0

I've been trying to web scrape https://www.worldpadeltour.com/en/tournaments/cupra-vigo-open-2020/2020/?tab=results but with normal scraping or with cUrl I end up on the tournament General info tab. Where the Results tab is not loaded into curl, but in a browser, I come to the result tab with the above url.

I've been trying with all these methods with the same result, I have also looked for XHR requests, but I haven't located any. What I want in my executed curl variable is for example <span>6-0 / 7-6(5) </span>. I've tried the below options with no avail.

CURLOPT_USERAGENT (with Mozilla/5.0 (X11; Linux x86_64) AppleWebKit/537.36)  
CURLOPT_FOLLOWLOCATION
CURLOPT_COOKIESESSION, TRUE   
CURLOPT_POSTFIELDS, 'tab=results'   
CURLOPT_RETURNTRANSFER  
CURLOPT_SSL_VERIFYHOST, FALSE);   
CURLOPT_SSL_VERIFYPEER`

What I essentially want are the scores in that tab to my variable, so I can scrape names and results. I get the same results as if I'd just use file_get_contents

nib
  • 11
  • 1
  • the `tab=results` is not POST data - it forms part of the url/querystring – Professor Abronsius Dec 16 '20 at 13:26
  • I tried both, but I end up on the 'General information' tab with curl, as in having the full url including tab=results in the url – nib Dec 16 '20 at 13:30
  • 3
    The content looks to be generated using javascript. Try your scrape with either node.js or a headless browser like casper.js etc – Professor Abronsius Dec 16 '20 at 13:33
  • @ProfessorAbronsius thank you. Do you have any small example on that? – nib Dec 16 '20 at 13:39
  • What have you tried so far? Where are you stuck? Usually, it's easier to as for an API, as this would also imply that the provider allows to gather such data – Nico Haase Dec 16 '20 at 13:41
  • I execute the curl and I end up with what ever you end up with scraping https://www.worldpadeltour.com/en/tournaments/cupra-vigo-open-2020/2020, but I need the results tab – nib Dec 16 '20 at 13:44
  • In your browser, open the developer tools and look for XHR requests, those are the ones that you probably want to simulate. Try to match the headers as much as possible, especially referrer – Chris Haas Dec 16 '20 at 14:18
  • @ChrisHaas, thanks for the tip, but I end up with 0 requests. What am I missing? – nib Dec 16 '20 at 15:02
  • **[You should not switch off `CURLOPT_SSL_VERIFYHOST` or `CURLOPT_SSL_VERIFYPEER`](https://paragonie.com/blog/2017/10/certainty-automated-cacert-pem-management-for-php-software)**. It could be a security risk! [Here is how to get the certificate bundle if your server is missing one](https://stackoverflow.com/a/32095378/1839439) – Dharman Dec 16 '20 at 23:34

1 Answers1

0

You did miss one XHR. The following gets your desired output.

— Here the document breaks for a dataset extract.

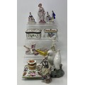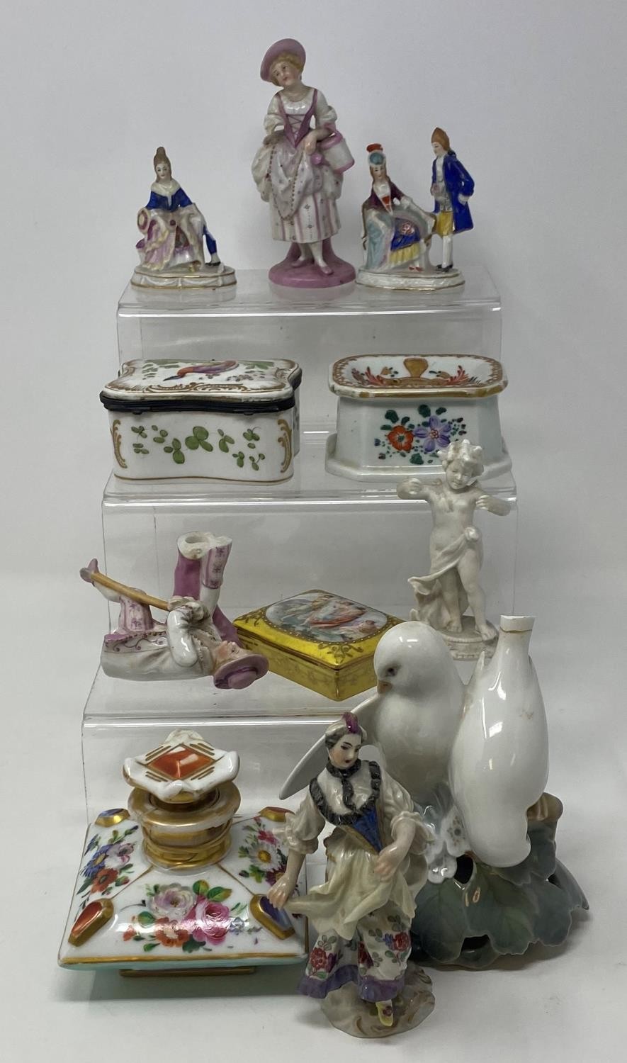 A Continental porcelain perfume bottle, decorated flowers, 8 cm wide, a porcelain box, 8 cm wide and various other ceramics (box)

$ch = curl_init('https://www.worldpadeltour.com/info-torneos/cupra-vigo-open-2020/2020/');
curl_setopt($ch, CURLOPT_POST, 1);
curl_setopt($ch, CURLOPT_POSTFIELDS, 'lang=en&selected_tab=results&section_data=');
curl_setopt($ch, CURLOPT_HTTPHEADER, ['x-requested-with: XMLHttpRequest']);
curl_exec($ch);
curl_close($ch);

The header is required, it won't output without it.

SeaWorld
  • 352
  • 3
  • 11